1. [En parlant d'une pers.] Ce qui constitue la personnalité, ce qui définit les qualités ou les tares intellectuelles, morales de quelqu'un. Paresseux et gourmand, voilà dans quelle étoffe le gaillard est taillé! (Banville, Odes funamb.,1859, p. 146).Vraiment, c'est une chose absurde et injuste qu'on n'ait pas donné à notre corps l'étoffe de notre caractère (Goncourt, Journal,1865, p. 208).Cent fois vous serez touché des larmes de théâtre, et des morts de théâtre, enfin de toutes choses qui sont votre étoffe, mais que vous détachez de vous comme un vêtement, que vous suspendez sur l'acteur, qui court au malheur à votre place (Alain, Propos,1935, p. 1284):
4. ... tout cela ramenait la pensée de celui qui la regardait vers la lignée qui lui avait légué cette insuffisance de sympathie humaine, des lacunes de sensibilité, un manque d'ampleur dans l'étoffe qui à tout moment faisait faute. Proust, J. filles en fleurs,1918, p. 688.
Loc. et expr.
Être de basse, de mince étoffe (vx). Être de naissance, de condition modeste(s). Il pourrait se faire, grâce à la conscription, que cet homme [un prisonnier français] fût d'une étoffe plus ou moins distinguée (J. de Maistre, Corresp.,1811-14, p. 295).Pour fuir la cour du roi Pétaud, Ou les croquants de mince étoffe, On emportait dans son château Son singe − avec son philosophe (Bouilhet, Dern. chans.,1869, p. 84).
Avoir l'étoffe de. Avoir l'aptitude, les qualités (bonnes ou mauvaises) nécessaires pour accomplir certains actes, remplir certaines fonctions. Il y avait dans ce marin l'étoffe d'un diplomate. Il y a dans chaque Grec l'étoffe d'un marin (About, Grèce,1854, p. 169).Le bon juge avait suffisamment l'étoffe d'un avocat pour que des électeurs aient pu y tailler un député (Thibaudet, Réflex. litt.,1936, p. 59):
5. C'étaient de ces natures naines qui, si quelque feu sombre les chauffe par hasard, deviennent facilement monstrueuses. Il y avait dans la femme le fond d'une brute et dans l'homme l'étoffe d'un gueux. Tous deux étaient au plus haut degré susceptibles de l'espèce de hideux progrès qui se fait dans le sens du mal. Hugo, Misér.,t. 1, 1862, p. 194.

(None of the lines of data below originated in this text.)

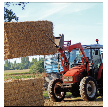
La FDSEA met en place une opération d'achat groupé de paille.

Paille. Face au risque toujours accru de pénurie de fourrage, les céréaliers sont appelés à ne pas broyer la paille. Une opération de solidarité se mettra en place dans de nombreux départements, dont le Maine-et-Loire pour assurer et rassurer les éleveurs. Des échanges paille/fumier se mettent en place. Des dérogations sont obtenues auprès du préfet de Maine-et-Loire.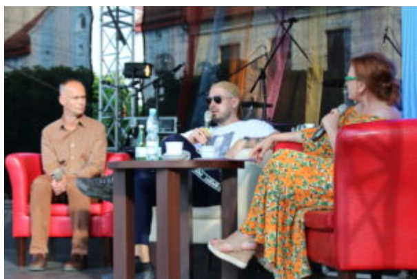
Spotkanie z Jakubem Żulczykiem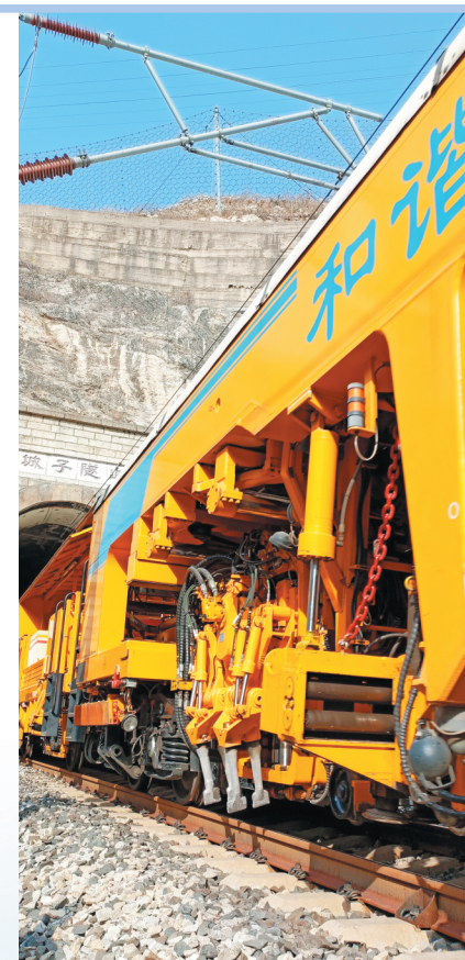
“和谐号”机车从城子隧道呼啸而过。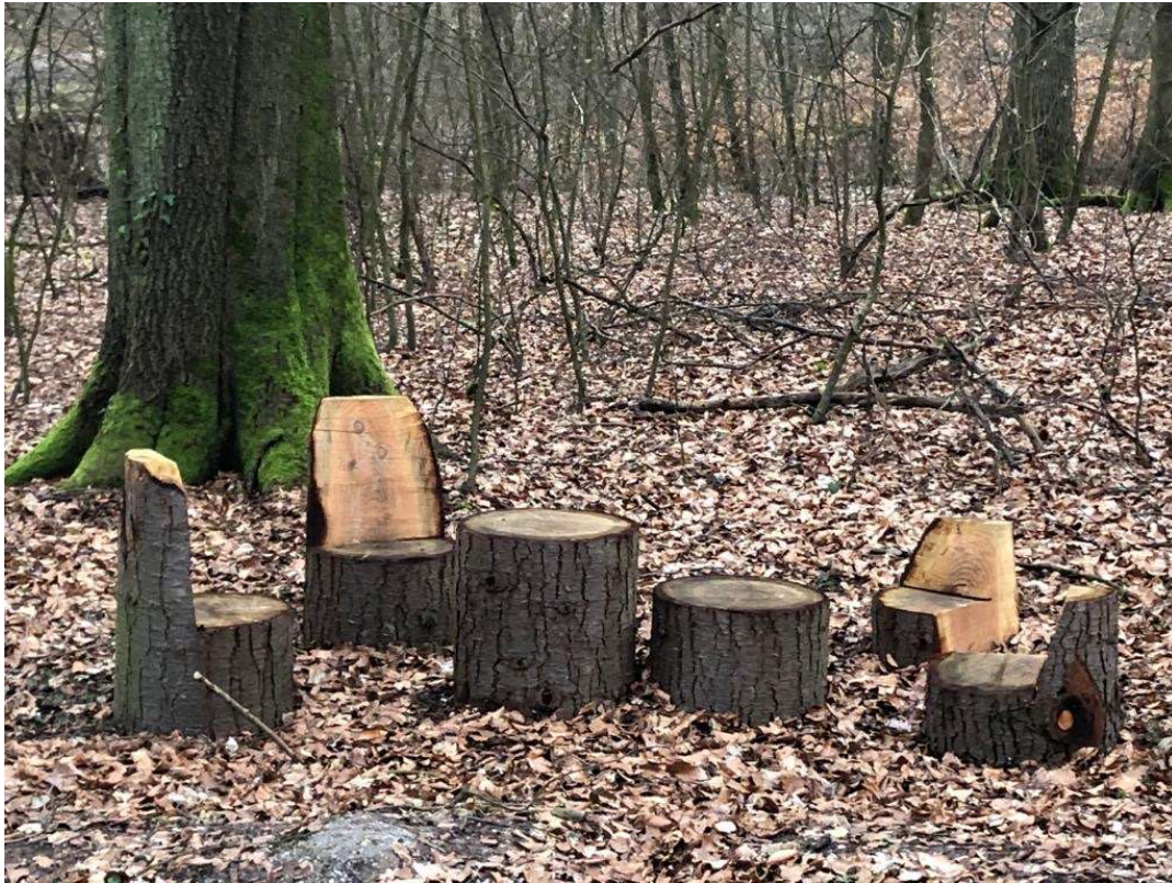
Abbildung 8 | „Sitzgruppe“ Abt. 9 Marxheim

Die Funktion des Hofheimer Stadtwaldes als Erholungswald beinhaltet den Wald als Erholungsraum für Waldbesucher. Der Wald als Ort, an dem man seine Freizeit verbringt oder Sport treibt.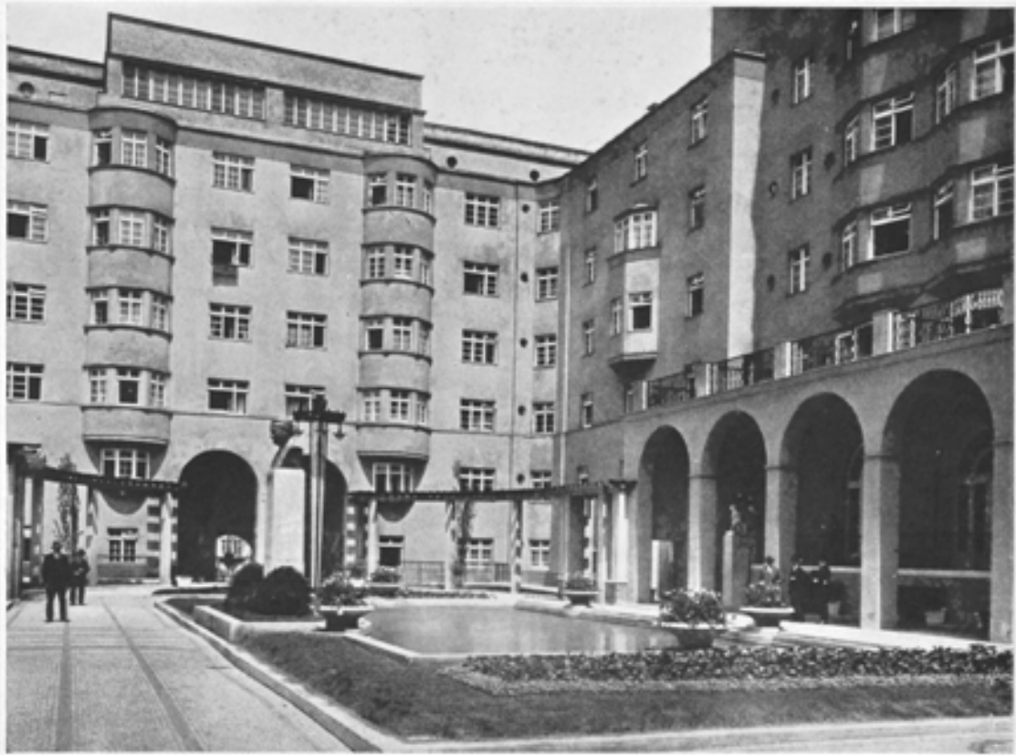
Wohnhausbau Margarethengürtel—Reumannhof Ansicht des Straßenhofes mit Reumannbüste und Wasserbecken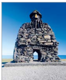
Beeld in Arnarstapi.

Een gedetailleerde gids van het hele land, waarbij de belangrijkste bestemmingen met een cijfer (of letter) zijn aangegeven op de kaartjes (bijvoorbeeld ❶).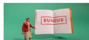
Gest quoi la rumeur ?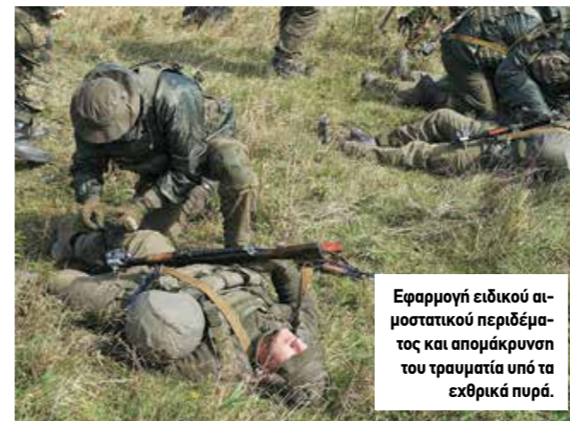
Εφαρμογή ειδικού αιμοστατικού περιδέματος και απομάκρυνση του τραυματία υπό τα εχθρικά πυρά.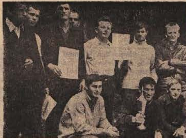
Ekipa gozdnega obrata Straza je osvojila prvo mesto na gozdarskem tekmovanju.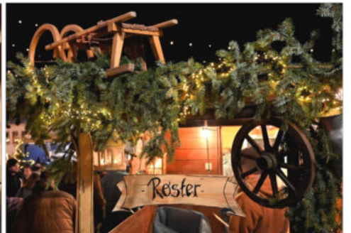
Allerlei hübsch dekorierte Verkaufsstände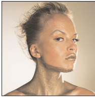
[3 = 7 - orgueil]

L'orgueil est le commencement de tout péché, et pour les théologiens médiévaux, "le péché général qui [résume] en lui toutes les fautes". Ce vice est décliné en vaine-gloire (la gloire terrestre, à laquelle elle a longtemps été identifiée) et en superbe, selon Augustin, Grégoire le Grand et Bernard de Clairvaux. Thomas d'Aquin rompt avec ce système en modelant un orgueil différent pour chacun qui "correctement régulé par la raison (...) se traduit par une attitude vertueuse (...) : la magnanimité". Se développe alors une compétition entre magnanimité et humilité dans la lutte pour la vertu la plus efficace dans le combat contre le vice. Le passage sémantique entre vaine-gloire et vanité est le fruit de la lecture de Grégoire le Grand. D'abord considéré comme un vice des gens de culture (Abélard), il est étendu à la culture de l'apparence condamnée chez les clercs et surtout chez les femmes (prédications terribles de Bernardin de Sienne contre les parures en 1424). La vanité est assimilée à la coupable volonté de séduire par-delà les dons de la nature, elle est "outrage envers Dieu", donc danger familial et social. Jérôme Savonarole clôt cette extension sociale du vice : l'acte de "qui dépasse les rangs de son statut est vanité", ouvrant les bûchers qui lui sont liés.

Avoir de l'étoffe. Faire preuve de grandes qualités intellectuelles et morales, d'une personnalité affirmée. Anton. manquer d'étoffe, être de mince étoffe.La reine de Naples s'était beaucoup formée dans les événements, disait l'empereur. Il y avait chez elle de l'étoffe, beaucoup de caractère et une ambition désordonnée (Las Cases, Mémor. Ste-Hélène,t. 1, 1823, p. 635).Je préfère cent fois un révolutionnaire convaincu (...) à un libéral. Il y a de l'étoffe dans le premier. Il n'y en a pas dans le second (L. Daudet, Temps Judas,1920, p. 81).
2. [En parlant d'une manifestation de l'esprit hum., sentiment, pensée, etc.] Ce qui constitue le fond, la matière d'une chose. Les paroles du comte (...) répondaient aux sentiments de chasteté, de délicatesse qui sont pour ainsi dire l'étoffe des premières amours (Balzac, Lys,1836, p. 141).On ne voit pas de quoi serait faite l'étoffe des rêves de Beethoven, si elle ne l'était de l'étoffe même de cet univers, avec lequel nous faisons corps (Rolland, Beeth.,t. 1, 1937, p. 21):
6. Tandis que le philosophe (...) se fonde (...) sur ce fait que la religion catholique, comme toute autre forme religieuse, est fausse et constitue une superstition, l'esprit clairvoyant du politique sachant que la superstition, le préjugé, la croyance sont l'étoffe et l'unique tissu du réel, se préoccupe uniquement de rechercher quelle forme du préjugé est utile à la réalité française... Gaultier, Bovarysme,1902, p. 300.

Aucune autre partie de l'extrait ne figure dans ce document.